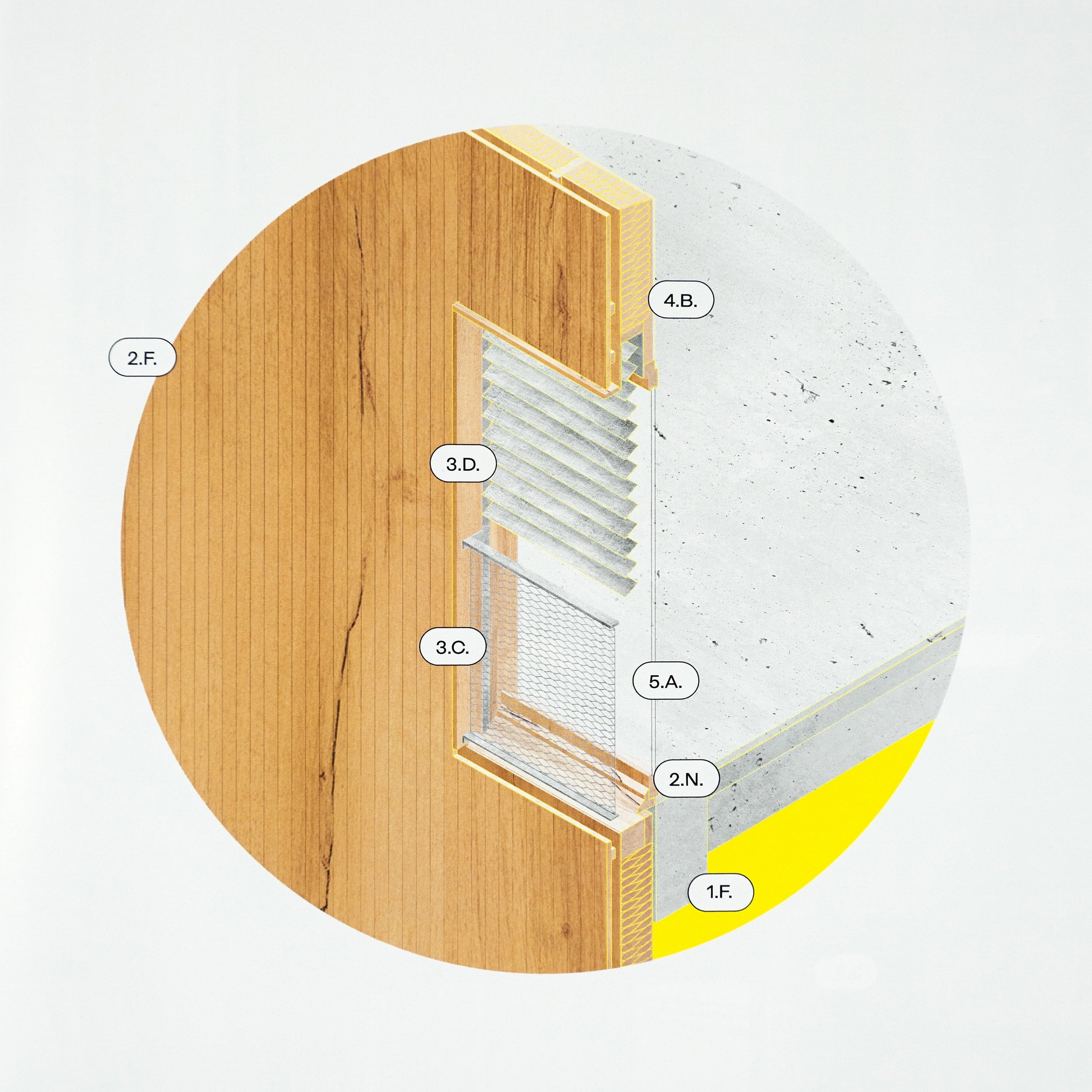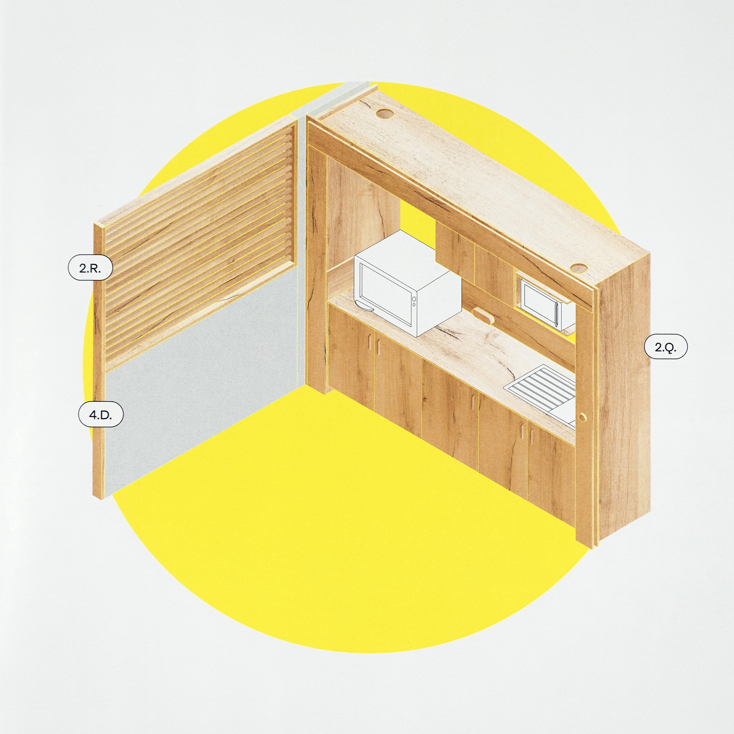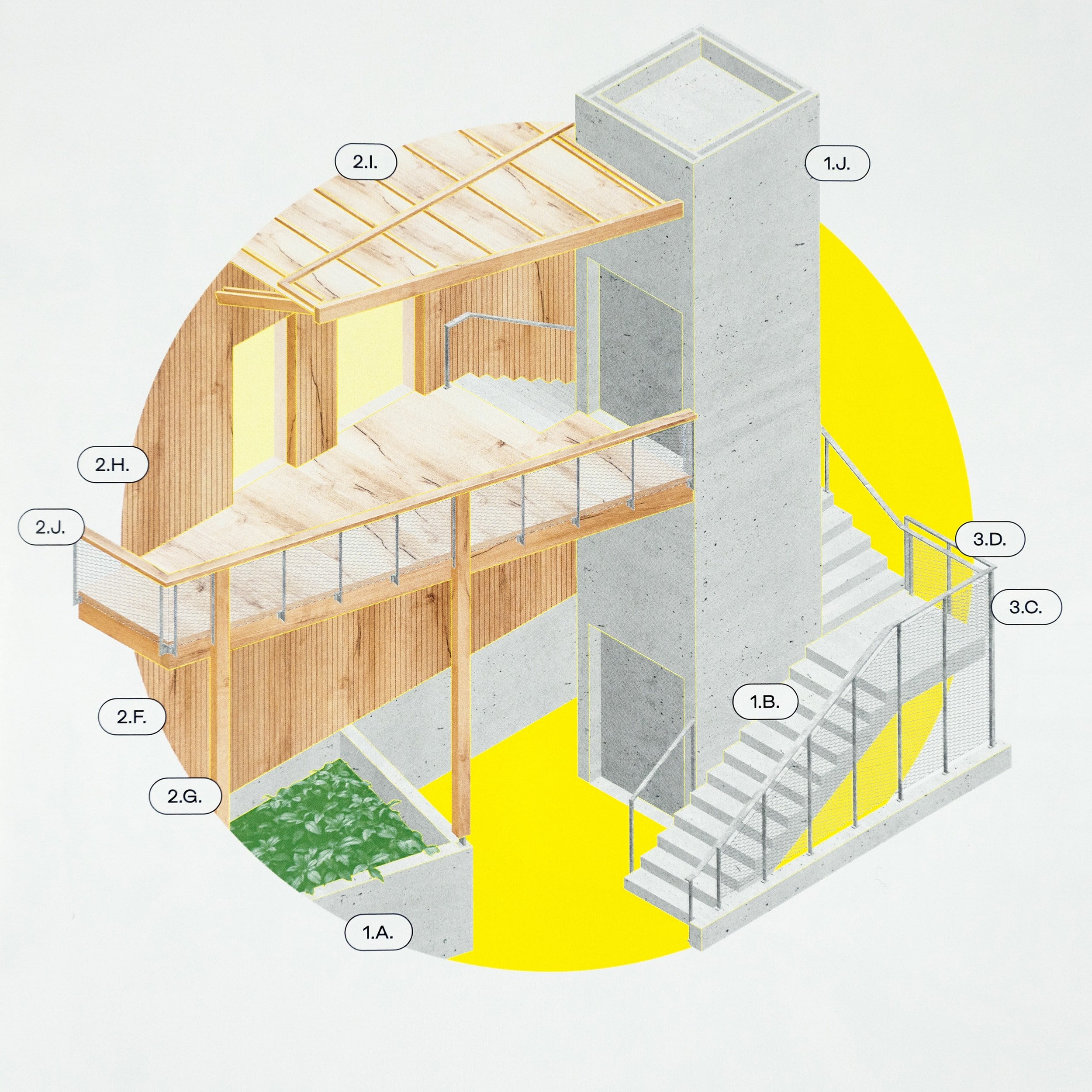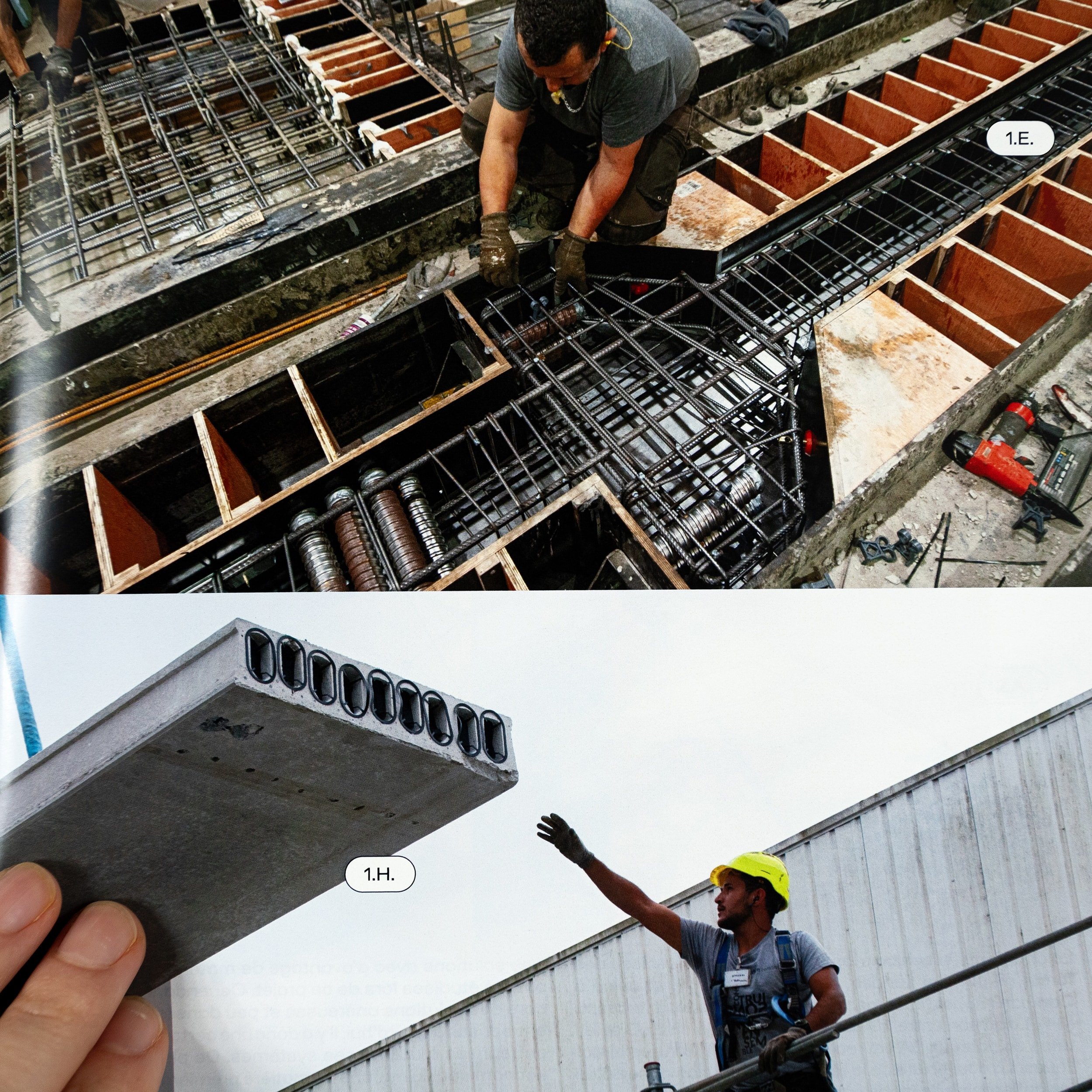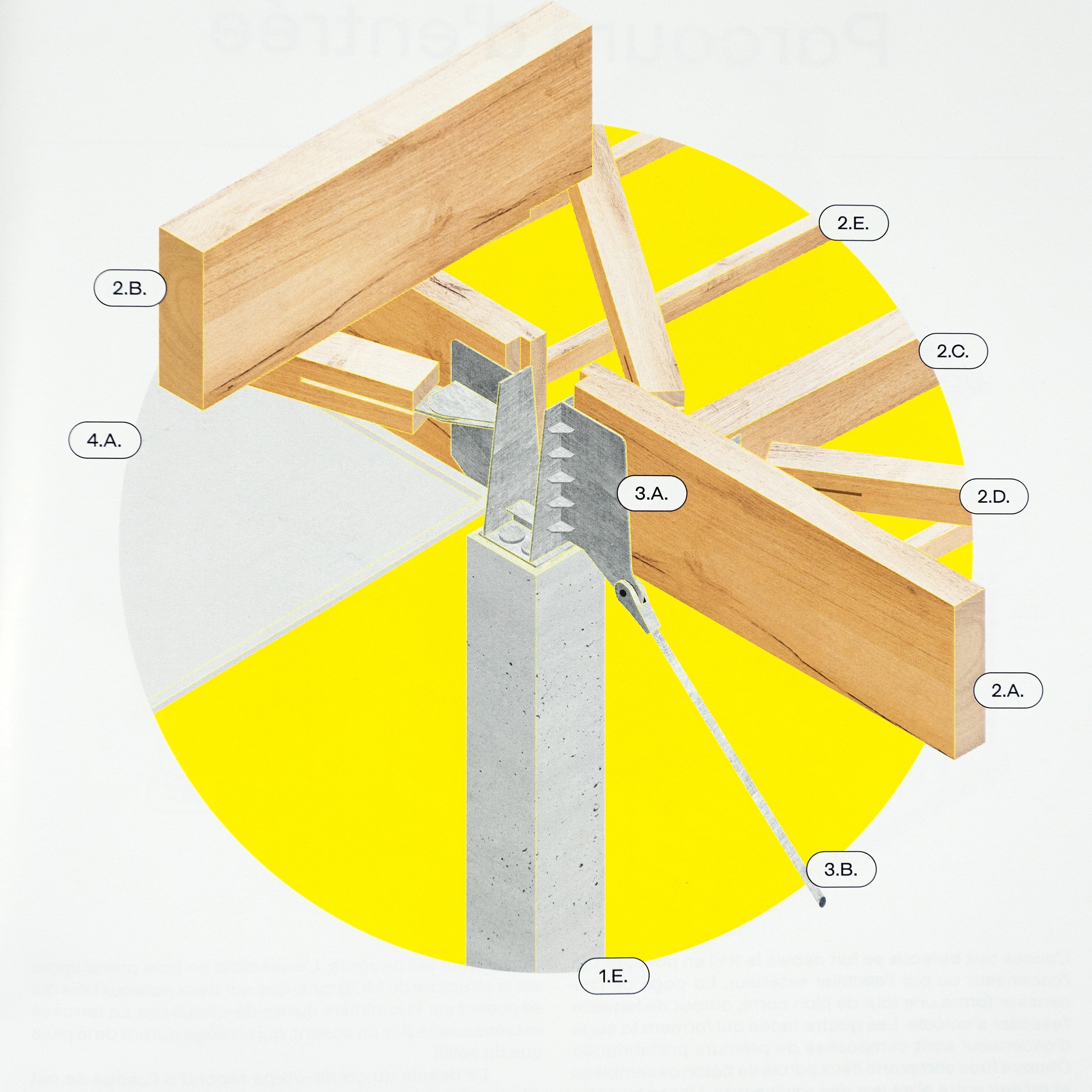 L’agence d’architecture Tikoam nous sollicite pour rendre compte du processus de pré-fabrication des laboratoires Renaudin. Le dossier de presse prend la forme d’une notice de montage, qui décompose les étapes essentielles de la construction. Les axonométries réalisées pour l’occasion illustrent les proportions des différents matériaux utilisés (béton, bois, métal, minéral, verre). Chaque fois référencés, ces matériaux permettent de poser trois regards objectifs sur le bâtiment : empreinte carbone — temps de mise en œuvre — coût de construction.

==============================

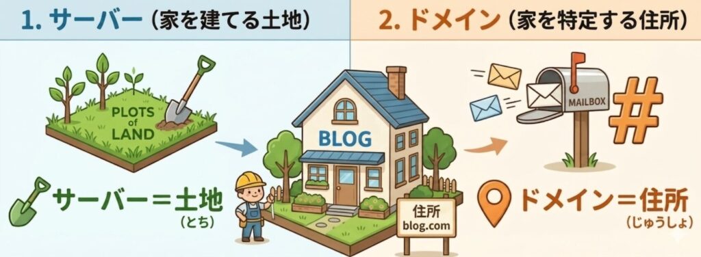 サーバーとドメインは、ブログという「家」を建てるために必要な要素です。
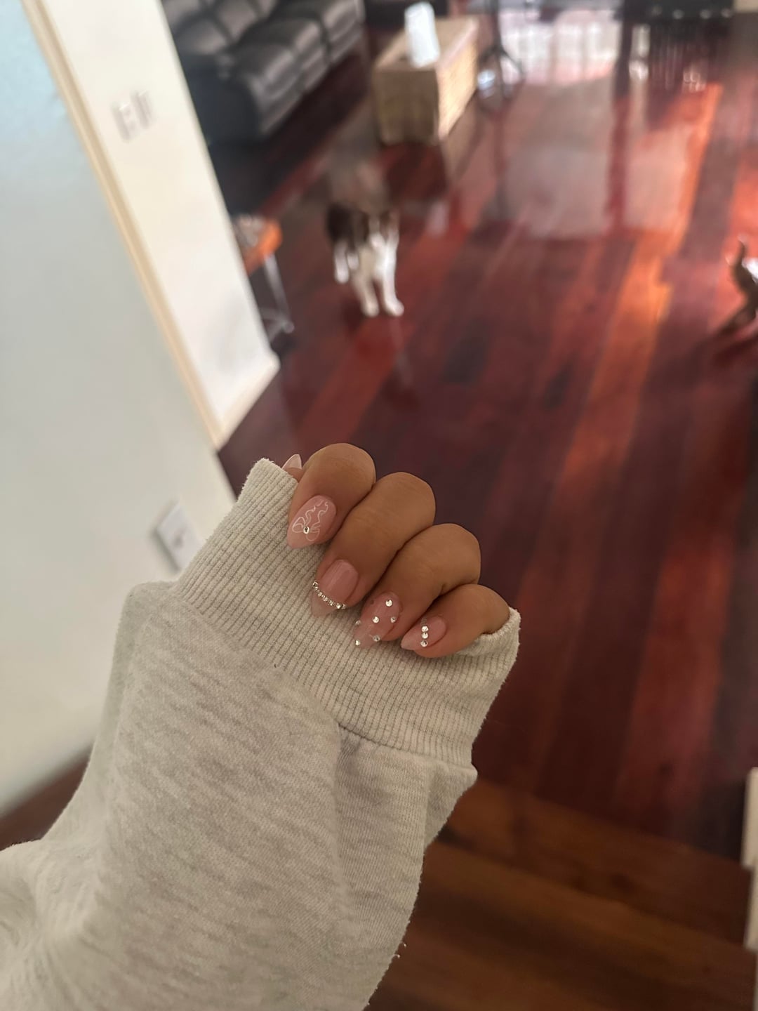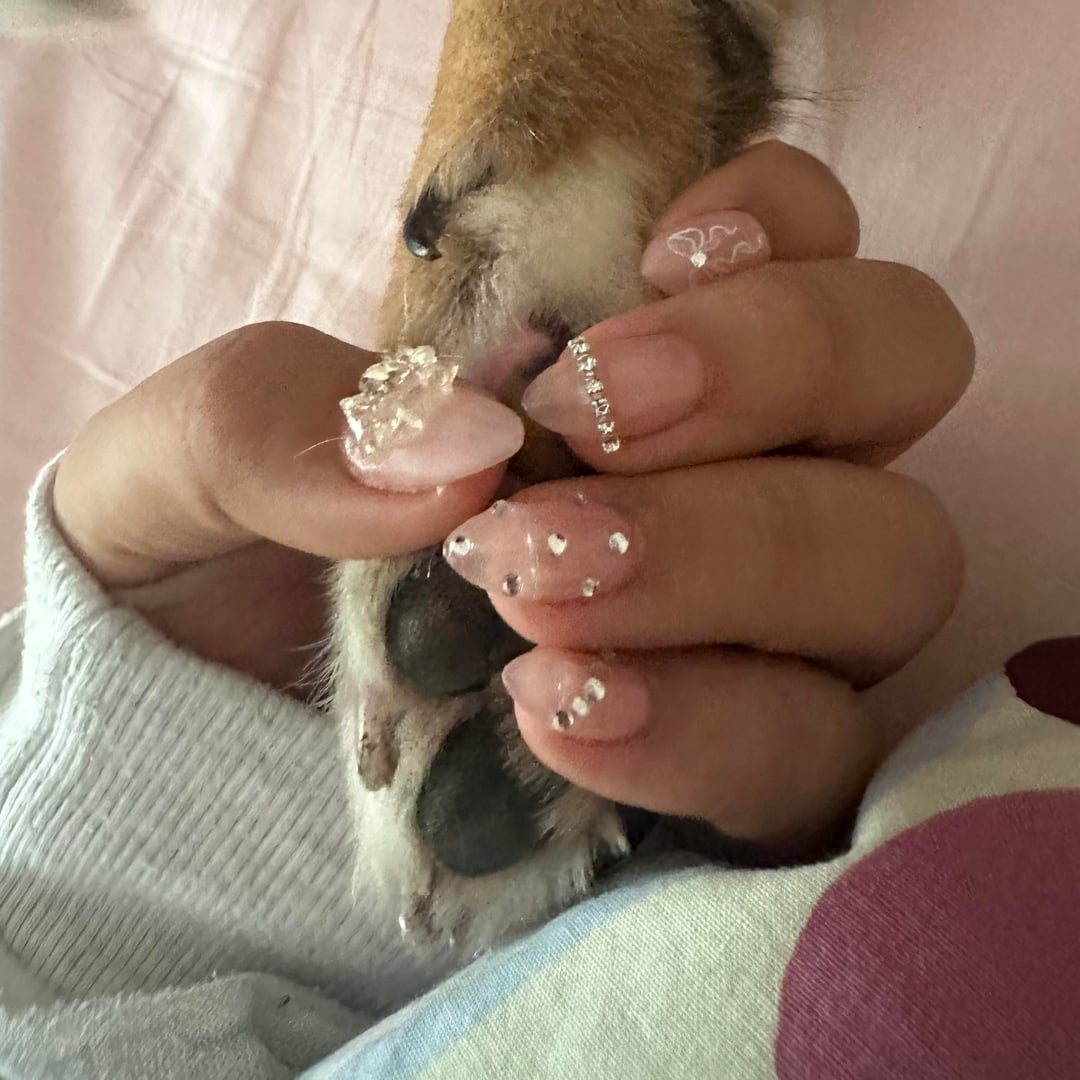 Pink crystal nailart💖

==============================

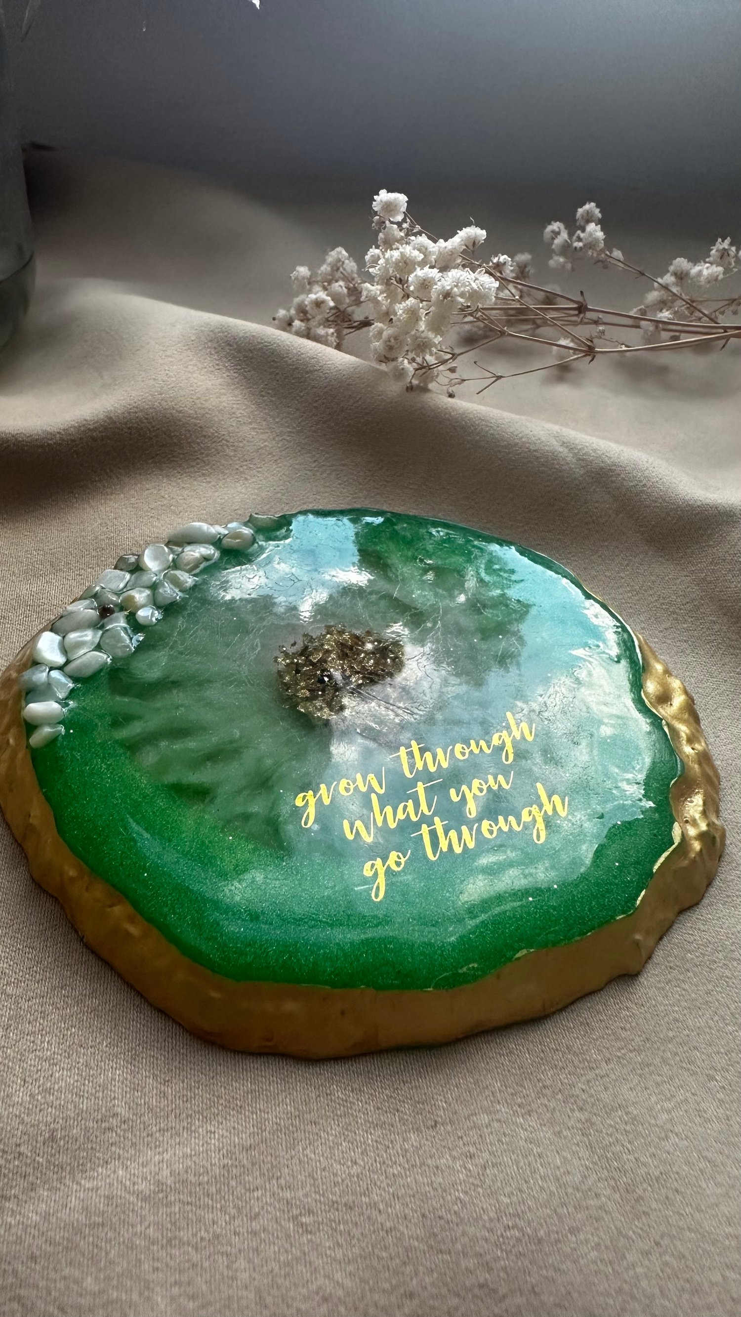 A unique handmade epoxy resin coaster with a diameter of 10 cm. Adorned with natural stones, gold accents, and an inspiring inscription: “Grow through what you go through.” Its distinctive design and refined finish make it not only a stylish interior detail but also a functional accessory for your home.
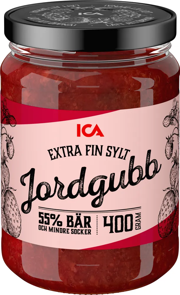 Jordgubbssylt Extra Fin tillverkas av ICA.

==============================

**WHAT IS NEEDED**
Go back to the listing above and reproduce, exactly, the stretch from the line bearing "A unique handmade" through the line bearing "Jordgubbssylt Extra Fin tillverkas av ICA.", without its pictures.

**TASK OUTPUT**
 A unique handmade epoxy resin coaster with a diameter of 10 cm. Adorned with natural stones, gold accents, and an inspiring inscription: “Grow through what you go through.” Its distinctive design and refined finish make it not only a stylish interior detail but also a functional accessory for your home.
 Jordgubbssylt Extra Fin tillverkas av ICA.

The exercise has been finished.